087. Human Evaluation

When Human Evaluation Is Necessary

LLM-as-judge and automated metrics have limitations. Human evaluation remains necessary for:

  • Novel domains where no benchmark exists.
  • Subjective quality assessment (creativity, tone, persuasiveness).
  • Safety evaluation (detecting harmful outputs that automated checks miss).
  • Calibrating automated metrics (ensuring they correlate with human judgment).

Annotation Protocol Design

A well-designed annotation protocol includes:

python
ANNOTATION_GUIDELINES = """
## Agent Response Evaluation Guidelines

### Task
You will evaluate AI agent responses to user tasks. For each response,
rate the following dimensions on a 1-5 scale.

### Dimensions

**1. Task Completion (1-5)**
- 5: Fully completes the task with no omissions
- 4: Mostly complete with minor omissions
- 3: Partially complete; addresses the main point but misses aspects
- 2: Minimally addresses the task
- 1: Does not address the task at all

**2. Accuracy (1-5)**
- 5: All information is accurate
- 4: Nearly all accurate, one minor error
- 3: Mostly accurate, some errors
- 2: Multiple significant errors
- 1: Predominantly inaccurate

**3. Helpfulness (1-5)**
- 5: Exceptionally helpful; would fully satisfy the user
- 4: Helpful; addresses the user's needs well
- 3: Somewhat helpful; provides partial value
- 2: Minimally helpful
- 1: Not helpful at all

### Instructions
- Read the task description carefully before evaluating.
- Evaluate the response independently (do not compare to other responses).
- Provide a brief justification (1-2 sentences) for each score.
- If you are unsure, err on the side of a lower score.
- Flag any responses that contain harmful, biased, or inappropriate content.
"""

Inter-Rater Reliability

When multiple annotators evaluate the same outputs, their agreement must be measured:

python
def cohens_kappa(rater1: list[int], rater2: list[int]) -> float:
    """Compute Cohen's Kappa for inter-rater reliability.

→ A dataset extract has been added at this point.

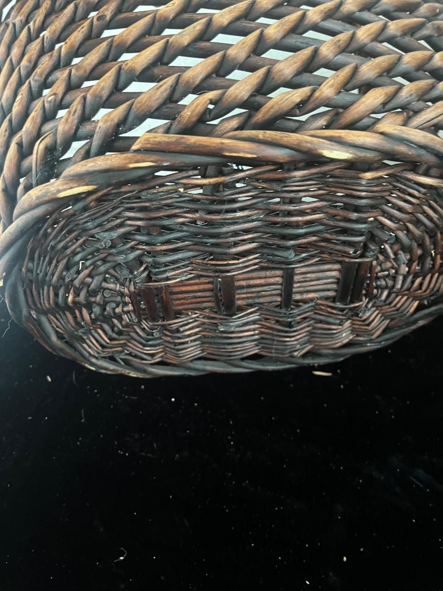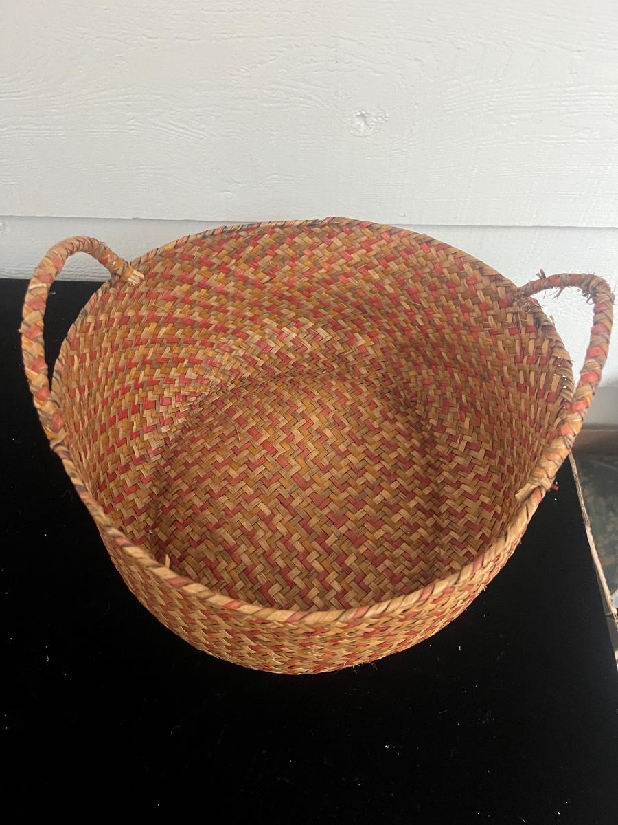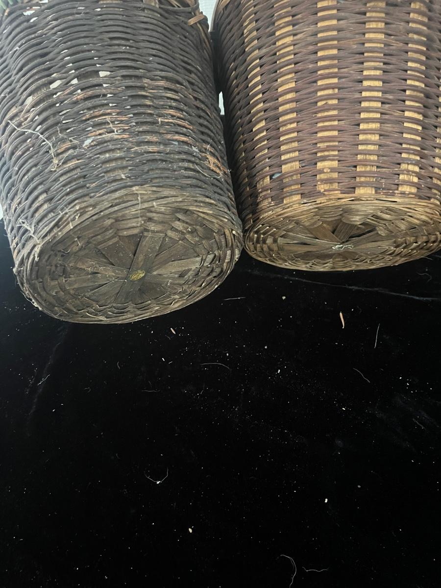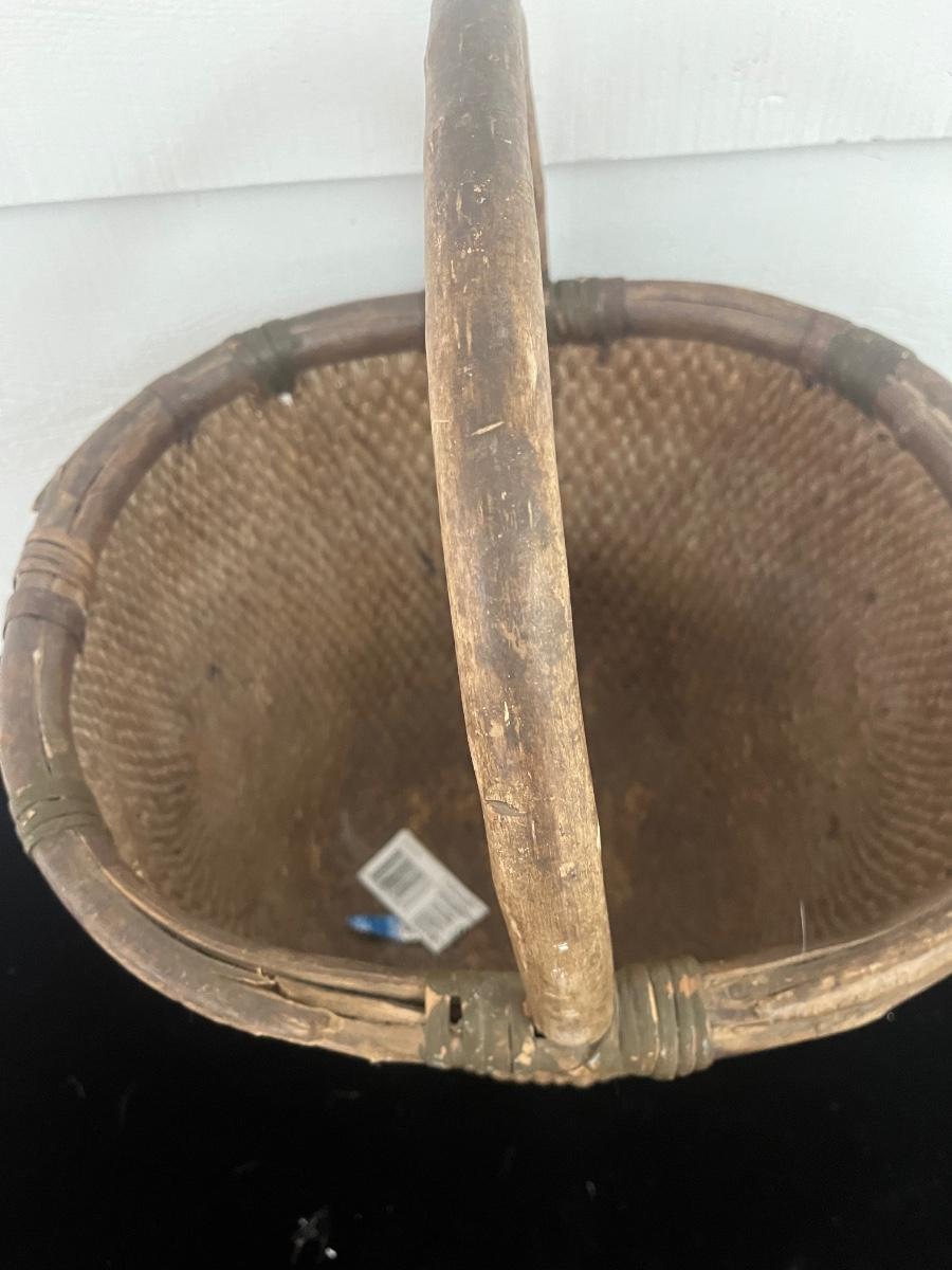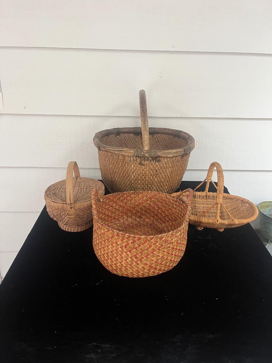 Lot includes two small and two large basket planters and a large assortment of woven baskets in a variety of styles and sizes. One has a wood handle and frame. Several are hand made and many are weathered and faded. Largest plant pot measures 15”D x 12”H. Plant pot has some loose or missing pieces on top, see pictures.

    Cohen's Kappa measures agreement between two raters beyond
    what would be expected by chance.

    Interpretation:
    - < 0.00: Poor agreement
    - 0.00-0.20: Slight agreement
    - 0.21-0.40: Fair agreement
    - 0.41-0.60: Moderate agreement
    - 0.61-0.80: Substantial agreement
    - 0.81-1.00: Almost perfect agreement

    Args:
        rater1: List of ratings from rater 1.
        rater2: List of ratings from rater 2.

    Returns:
        Cohen's Kappa coefficient.
    """
    assert len(rater1) == len(rater2), "Raters must evaluate the same items"

    n = len(rater1)
    categories = sorted(set(rater1) | set(rater2))

    # Observed agreement
    agreement = sum(1 for a, b in zip(rater1, rater2) if a == b)
    p_observed = agreement / n

    # Expected agreement by chance
    p_expected = 0.0
    for cat in categories:
        p1 = sum(1 for r in rater1 if r == cat) / n
        p2 = sum(1 for r in rater2 if r == cat) / n
        p_expected += p1 * p2

    # Kappa
    if p_expected == 1.0:
        return 1.0  # Perfect agreement
    return (p_observed - p_expected) / (1 - p_expected)

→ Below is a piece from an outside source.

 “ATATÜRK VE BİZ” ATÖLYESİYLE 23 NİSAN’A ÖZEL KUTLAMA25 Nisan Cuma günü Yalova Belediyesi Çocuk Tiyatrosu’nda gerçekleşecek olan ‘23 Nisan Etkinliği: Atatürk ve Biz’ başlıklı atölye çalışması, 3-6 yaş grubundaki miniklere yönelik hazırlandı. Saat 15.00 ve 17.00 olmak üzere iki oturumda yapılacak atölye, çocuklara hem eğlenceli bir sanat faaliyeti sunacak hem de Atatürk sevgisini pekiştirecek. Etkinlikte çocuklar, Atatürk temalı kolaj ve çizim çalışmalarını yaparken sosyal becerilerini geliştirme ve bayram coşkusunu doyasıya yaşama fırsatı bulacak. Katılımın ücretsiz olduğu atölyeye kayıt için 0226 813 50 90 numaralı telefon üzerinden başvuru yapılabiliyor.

def krippendorffs_alpha(ratings: list[list[int | None]], level: str = "ordinal") -> float:
    """Compute Krippendorff's Alpha for multiple raters.

    Krippendorff's Alpha supports:
    - Any number of raters
    - Missing data (None values)
    - Different measurement levels (nominal, ordinal, interval, ratio)

    This is a simplified implementation for nominal data.

    Args:
        ratings: Matrix where ratings[i][j] is rater i's rating for item j.
                 None indicates a missing rating.
        level: Measurement level ("nominal" supported in this implementation).

    Returns:
        Krippendorff's Alpha coefficient.
    """
    n_raters = len(ratings)
    n_items = len(ratings[0])

    # Collect observed disagreement
    observed_disagreement = 0.0
    n_pairs = 0

    for j in range(n_items):
        item_ratings = [ratings[i][j] for i in range(n_raters) if ratings[i][j] is not None]
        m = len(item_ratings)
        if m < 2:
            continue
        for a_idx in range(m):
            for b_idx in range(a_idx + 1, m):
                if item_ratings[a_idx] != item_ratings[b_idx]:
                    observed_disagreement += 1
                n_pairs += 1

    if n_pairs == 0:
        return 1.0

    d_observed = observed_disagreement / n_pairs

    # Expected disagreement
    all_ratings = [r for rater in ratings for item_ratings in zip(*ratings) for r in [rater[ratings[0].index(item_ratings[0])]] if r is not None]
    all_valid = [r for rater in ratings for r in rater if r is not None]
    n_total = len(all_valid)
    value_counts = {}
    for v in all_valid:
        value_counts[v] = value_counts.get(v, 0) + 1

    d_expected = 0.0
    values = list(value_counts.keys())
    for i, v1 in enumerate(values):
        for j, v2 in enumerate(values):
            if v1 != v2:
                d_expected += value_counts[v1] * value_counts[v2]
    d_expected /= (n_total * (n_total - 1))

    if d_expected == 0:
        return 1.0

    return 1.0 - (d_observed / d_expected)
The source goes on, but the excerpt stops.